Ondokuzuncu yüzyılda yazılan ilk tezkire Şefkat Tezkiresidir. Bu tezkirede I. Mahmud döneminden başlayarak yaklaşık 115 şairin şiirlerinden örnekler verilmiş ancak şairlerin takdimleri kısaltılmıştır. Hakkında kaynakların hemen hemen hiç bilgi vermediği Tevfik adlı bir kişinin hazırladığı Mukamet Terasim, 1591 yılından sonra yaşamış bazı şairlerin biyografileridir.

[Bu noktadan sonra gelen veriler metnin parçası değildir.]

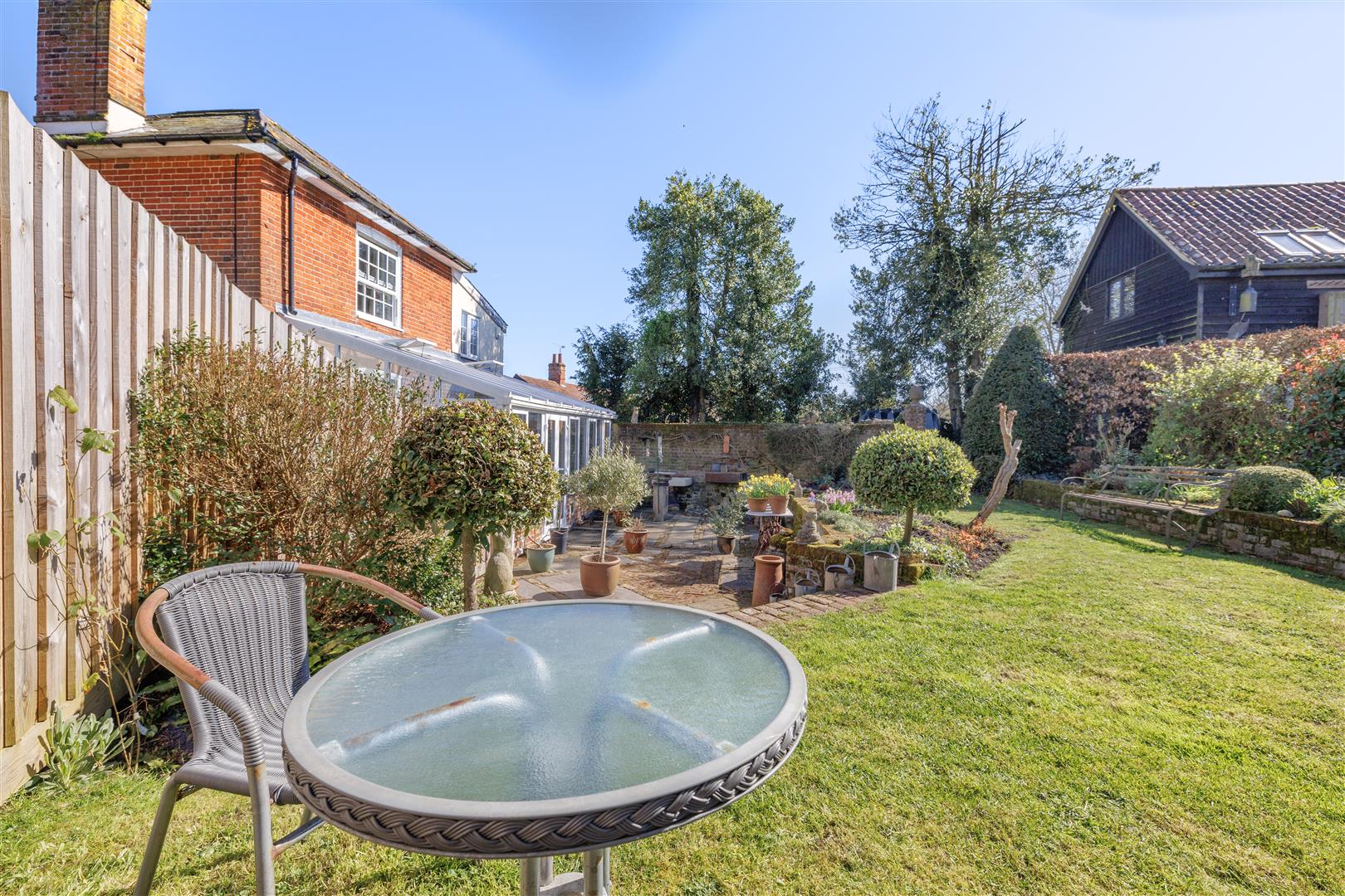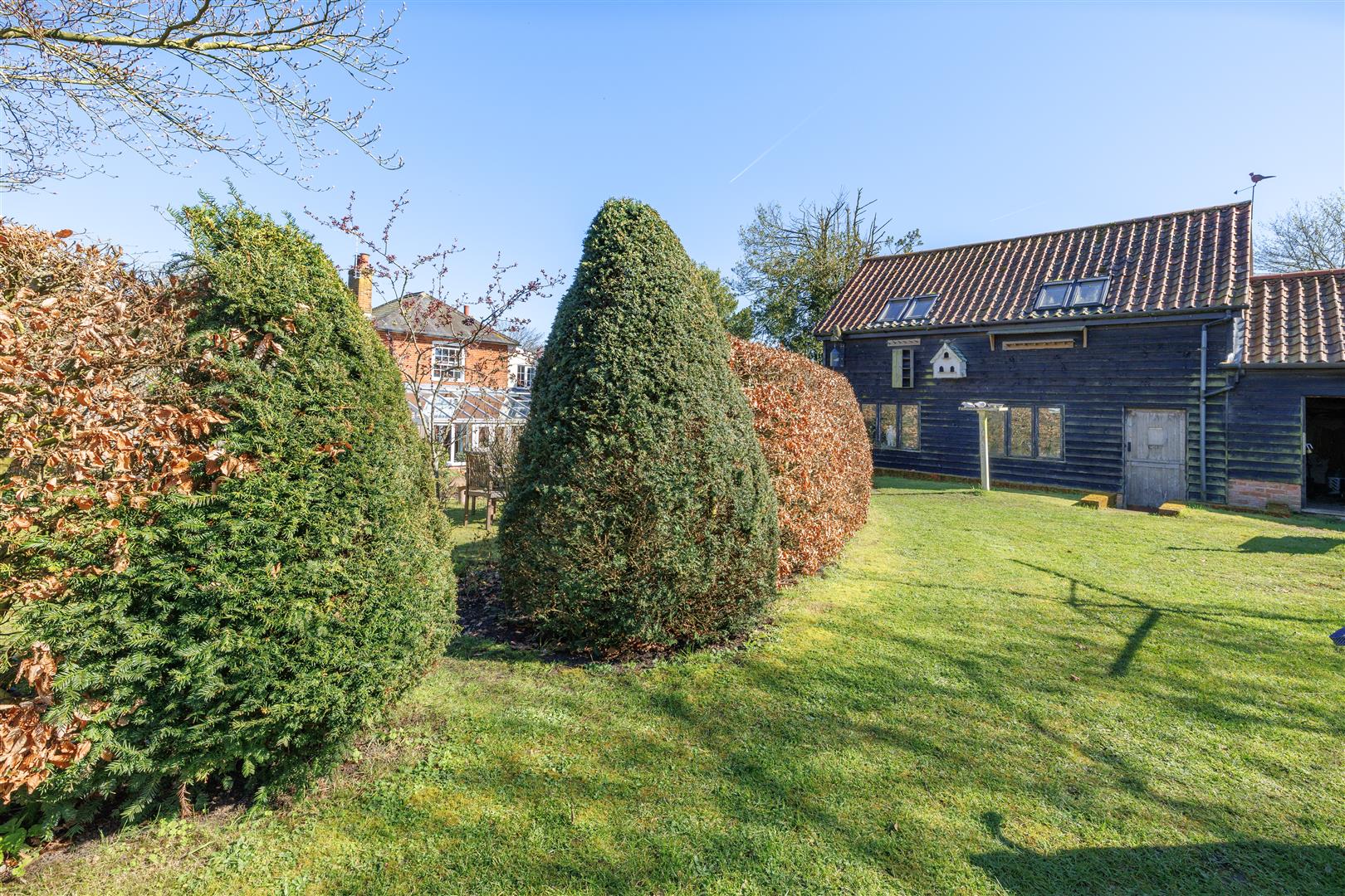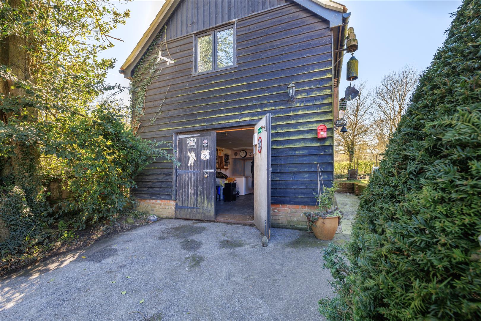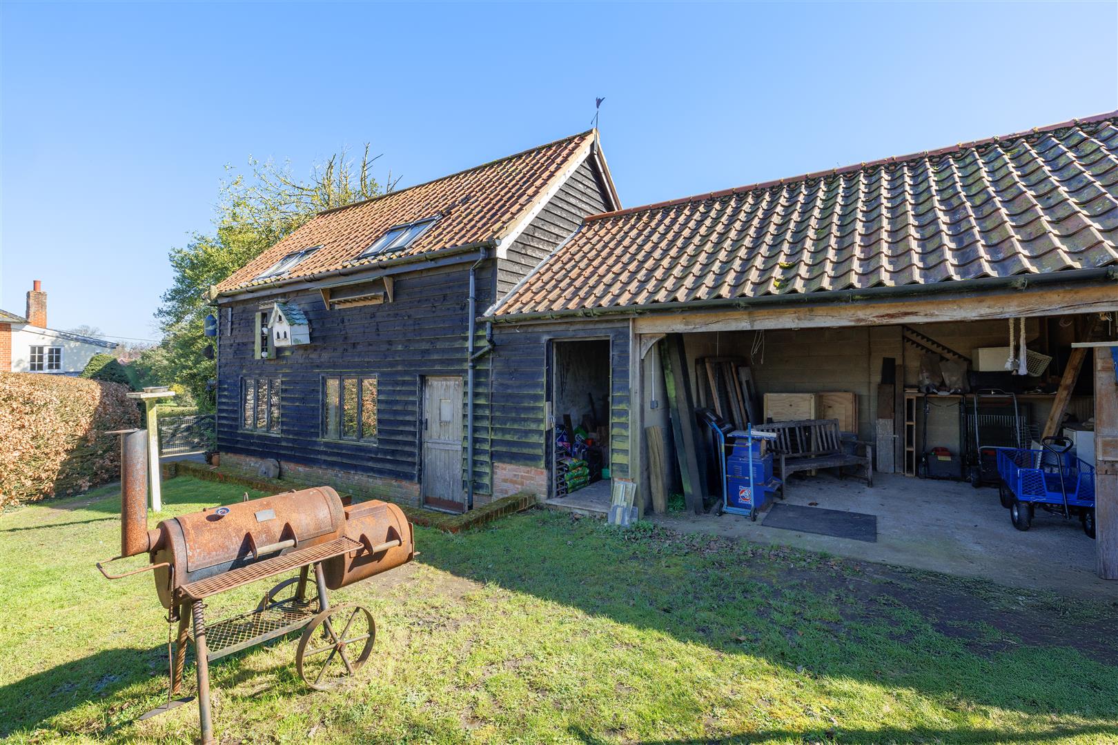 Externally, the property continues to impress with ample off-road parking provided via a generous driveway. The rear terraced garden is a particular highlight being well-sized and beautifully maintained, featuring mature shrubs, established flower beds and a peaceful private setting. Benefiting from a south facing aspect, it’s an ideal space to relax and enjoy the surrounding countryside, with open fields to the rear and the gentle sound of water from the pond adding to the tranquil atmosphere. To the rear of the garden and also accessible from the driveway is a substantial barn. This versatile space benefits from double doors opening onto the driveway, windows overlooking the garden, and a connected electricity supply perfect for a range of uses. Above this workshop is a useful hobby room, offering excellent potential as a home office, studio, or creative space. Further enhancing the outdoor space are the cart lodge, log store and lockable tool shed with electricity and water supply connected.
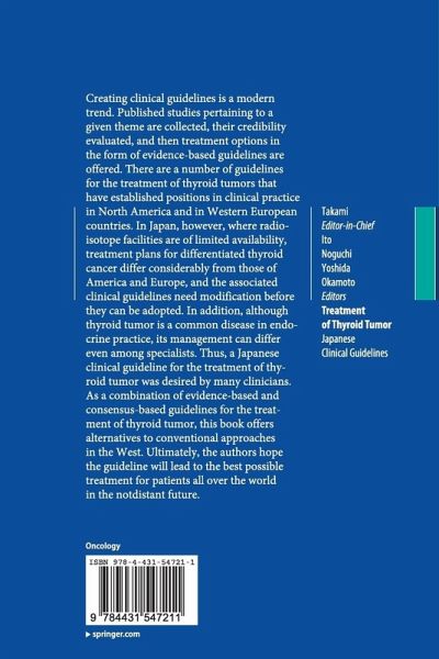 Creating clinical guidelines is a modern trend. Published studies pertaining to a given theme are collected, their credibility evaluated, and then treatment options in the form of evidence-based guidelines are offered. There are a number of guidelines for the treatment of thyroid tumors that have established positions in clinical practice in North America and in Western European countries. In Japan, however, where radioisotope facilities are of limited availability, treatment plans for differentiated thyroid cancer differ considerably from those of America and Europe, and the associated clinical guidelines need modification before they can be adopted. In addition, although thyroid tumor is a common disease in endocrine practice, its management can differ even among specialists. Thus, a Japanese clinical guideline for the treatment of thyroid tumor was desired by many clinicians. As a combination of evidence-based and consensus-based guidelines for the treatment of thyroid tumor, this book offers alternatives to conventional approaches in the West. Ultimately, the authors hope the guideline will lead to the best possible treatment for patients all over the world in the not-distant future.
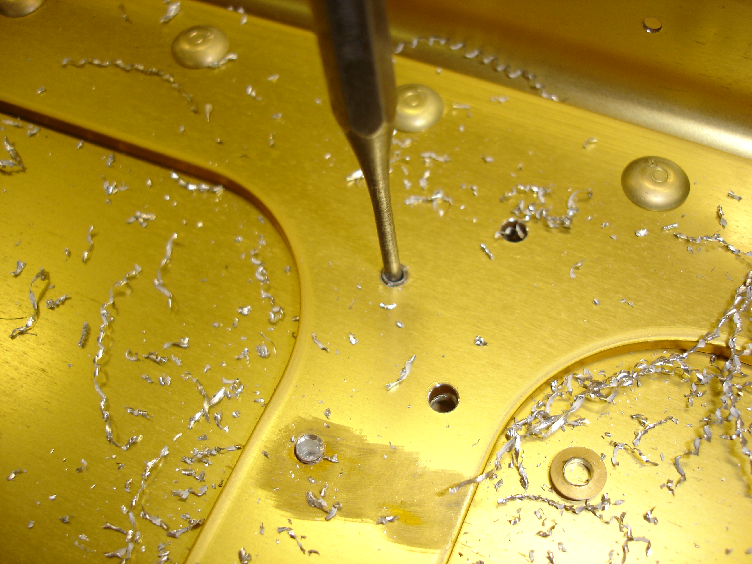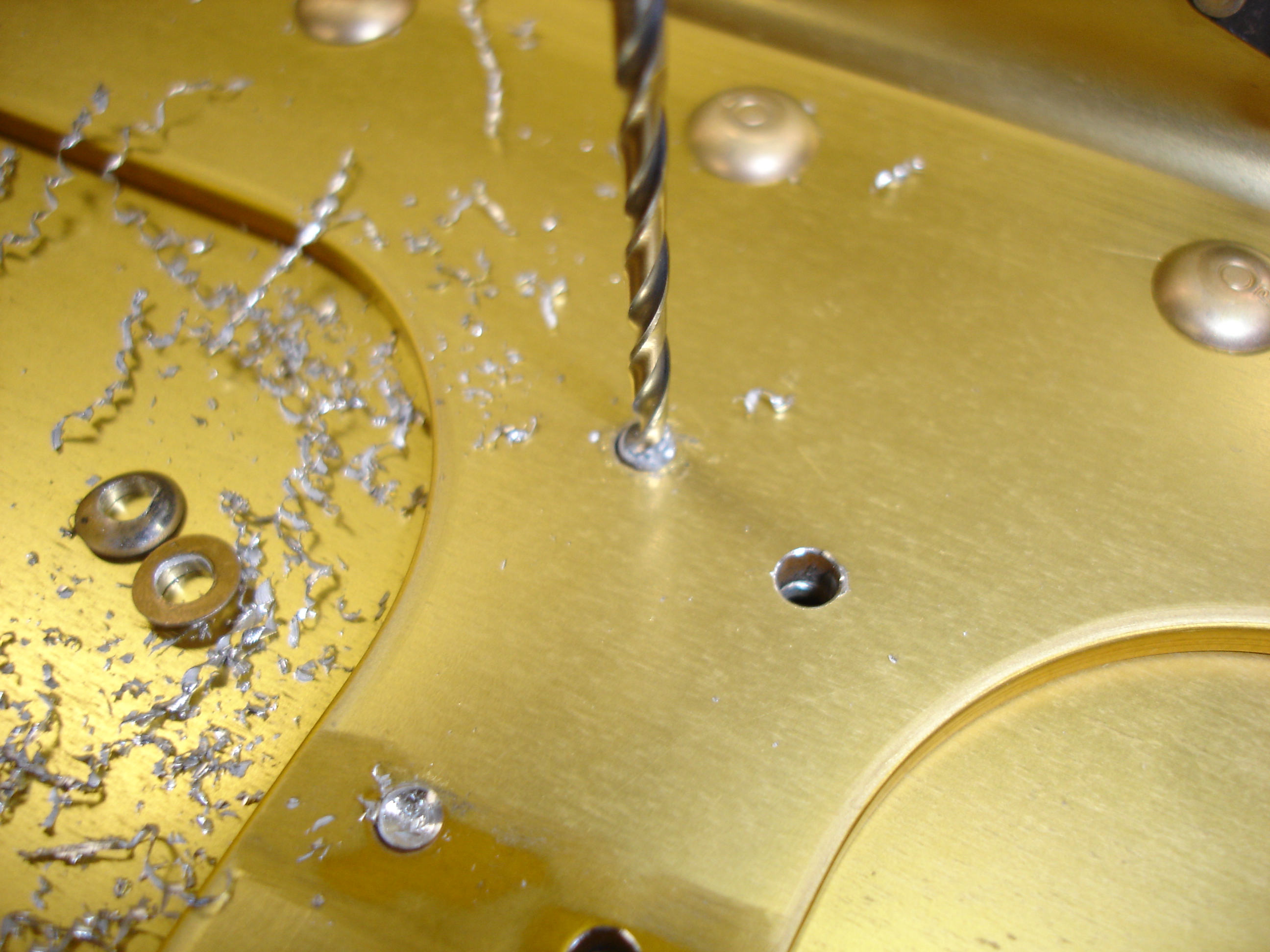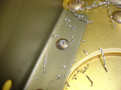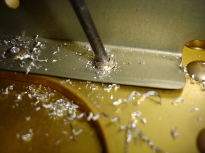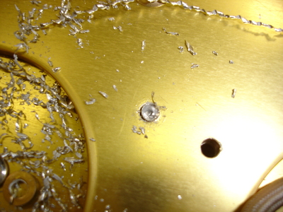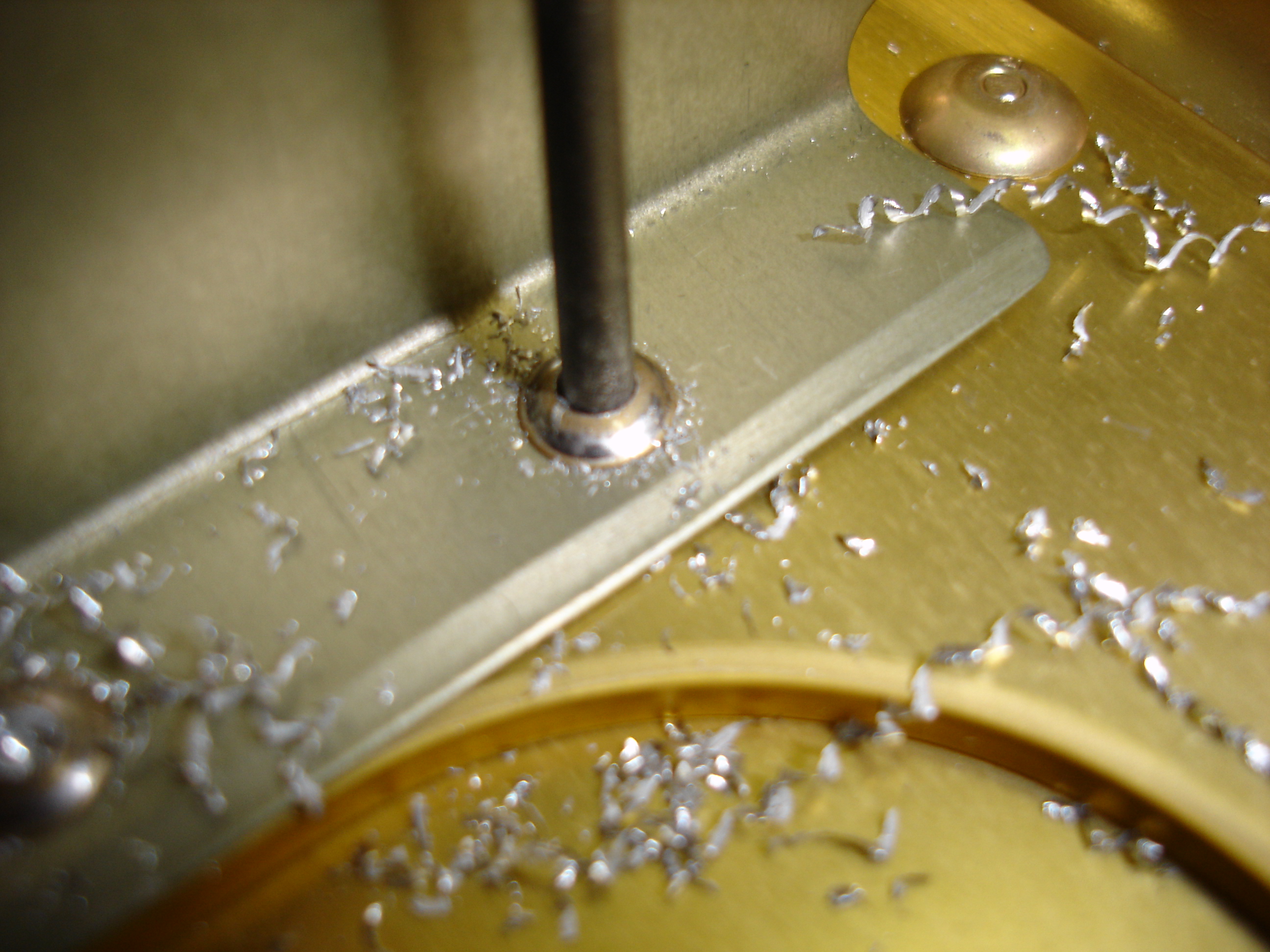 Note that it's very important to drill in the center of the rivet and drill it straight.

Daha önce Bağcı Ay adlı kitabında adı geçen Siholislam Arif Hikmet Bey’in Fakanofis Asaad Muhammed Afkandi’nin yazdığı kısa özgeçmişleri ve 16. yüzyıl sonu ile 19. yüzyıl başı arasında yaşamış bazı şairlerin şiirleri. Safa İndüz, Tazikir bu asrın zikredilmesi gereken yazarlarındandır. Her iki tez de eksiktir.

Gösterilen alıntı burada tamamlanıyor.